Friday, December 08, 2006

As empresas ocupadas na Argentina

Via Mutualist Blog, um artigo sobre as empresas ocupadas na Argentina e as dificuldades que enfrentam devido à falta de definição legal do seu estatuto:

In recent years leading up to Argentina's 2001 financial crisis, thousands of factories have closed and millions of jobs have been lost. Many workers have decided to defeat the destiny of unemployment, taking over their workplace and recuperating their dignity as workers. More than 180 recuperated enterprises are up and running, employing more than 10,000 Argentine workers at cooperative-run businesses, which were closed down by bosses and reopened by employees. In almost all cases workers took over businesses that had been abandoned or closed by their owners in the midst of a financial crisis.

Many worker controlled factories today face hostility and frequently violence from the state. Workers have had to organize themselves against violent eviction attempts and other acts of state violence. This impacts the workers and the enterprises as it means that employees have to leave the work place, invest energy in a legal battle and fight for laws in favor of worker recuperated businesses.

To counter oppose an uncertain legal future, many recuperated enterprises have mobilized to press for the government to resolve their cooperative's legal status. On October 27, workers from Renacer domestic appliance cooperative, CUC worker run shoe company, BAUEN hotel, City Hotel, Bahía Blanca ex-Paloni slaughter house, La Foresta meat packing cooperative and Zanon-FaSinPat worker run ceramics plant rallied outside a federal court to push for a national expropriation law.

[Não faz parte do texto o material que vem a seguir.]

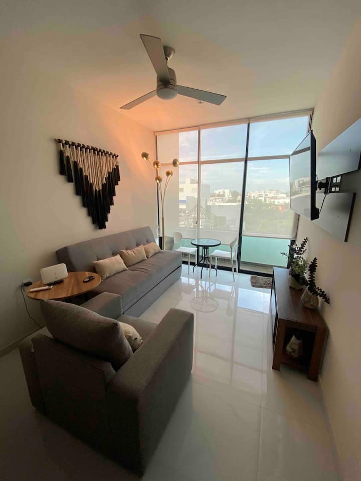 Kondo vyumba viwili vya kulala vipya na karibu na ufukwe

Since 2003, workers have operated the BAUEN cooperative hotel with no legal standing or government subsidies. Since taking over the hotel on March 21, 2003, the workers have slowly begun to clean up the ransacked hotel and rent out the hotel's services. The hotel re-opened with 40 employees and now employs some 150 workers.

Employees rallied throughout December last year to pressure the Buenos Aires city government to veto a law in favor of putting the hotel back into the hands of the former owner. The B.A. government refused to veto the law. If the BAUEN cooperative does not succeed in pushing through a new favorable law they risk losing their hotel.

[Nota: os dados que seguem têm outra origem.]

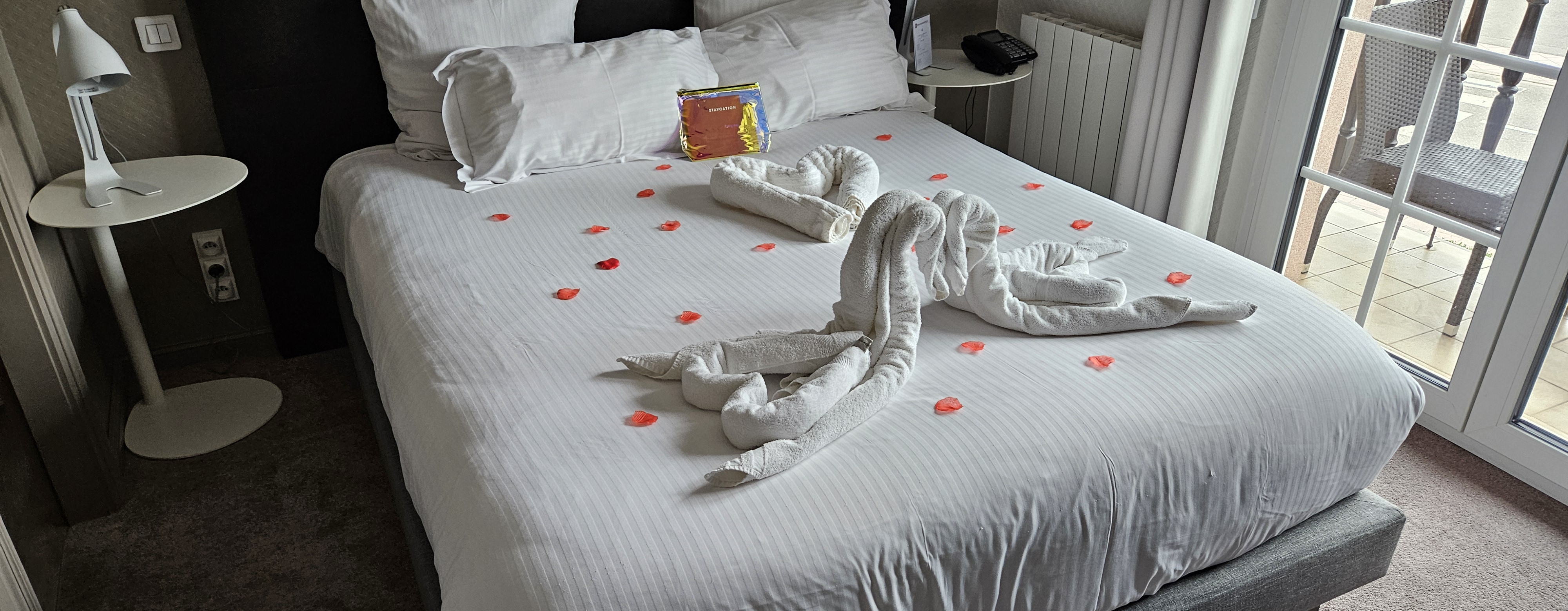 Week-end en amoureux réservé sur weekendesk Espace détente, propre, avec spa, hammam, sauna, piscine. Dommage, ça manque de transats. Chambre peu spacieuse, peu de place pour tourner autour du lit. Salle de bain moderne, mais pareil, place limitée Côté restaurant, cuisine de qualité Et je félicite le serveur Marcello, car il y avait une dame âgée à côté de nous qui était très exigeante.. Et faut savoir garder son calme.. Je lui dis chapeau.. 😉👏 De belles prestations dans l'ensemble

A dozen workers from Renacer (Ex-Aurora) traveled over 5,000 kilometers for the rally in Buenos Aires, to press for the permanent expropriation of their plant. The Renacer domestic appliance producer cooperative formed in 2000 after the former owner decided to shut down operations, owing banks and workers' thousands of dollars in unpaid salaries. The plant formerly known as Aurora produced washing machines. For decades industry activity had declined in the region, which is the most expensive places to live in Argentina. Ushuaia is also known as "the end of the world," with a harsh artic climate, less than 500 kilometers from the Southern Artic.

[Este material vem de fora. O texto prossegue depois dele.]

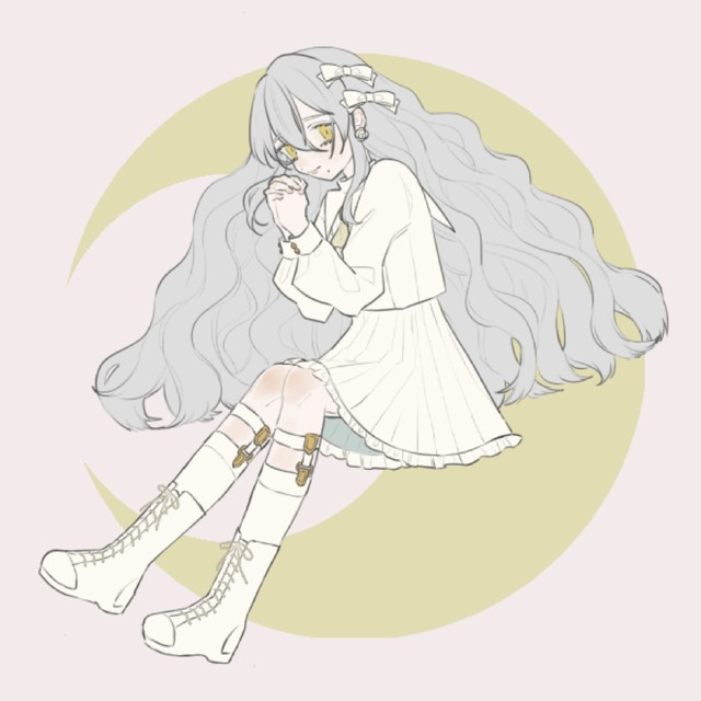 【衣着】头左侧戴着黑色蝴蝶结,上衣是白色水手服,黄色的领结,下身穿着白色未过膝,有着裙尾有着白色花边的裙子,白色长袜未过膝,穿着淡灰色马丁靴

"The auctioning off of our plant is a constant threat, we are looking for a permanent solution so we can produce our own products independently of the state," explains Monica Acosta, the current president of Renacer. Over 100 workers and their families rely on the cooperative, which hasn't been able to put out full production inside the plant. "Most of the expropriation laws that recuperated enterprises have won last two years. After two years, the cooperative has to go through the process once again and look for a legal solution in order to continue to produce."

1 comment:

Anonymous said...

há casos de sucesso como por exemplo dos trabalhadores de uma industria de ceramica.

é obvio que a intervenção repressora do estado só dificulta as coisas.

penso que quando este tipo de coisas ocorrem, o estado não deve participar de forma alguma.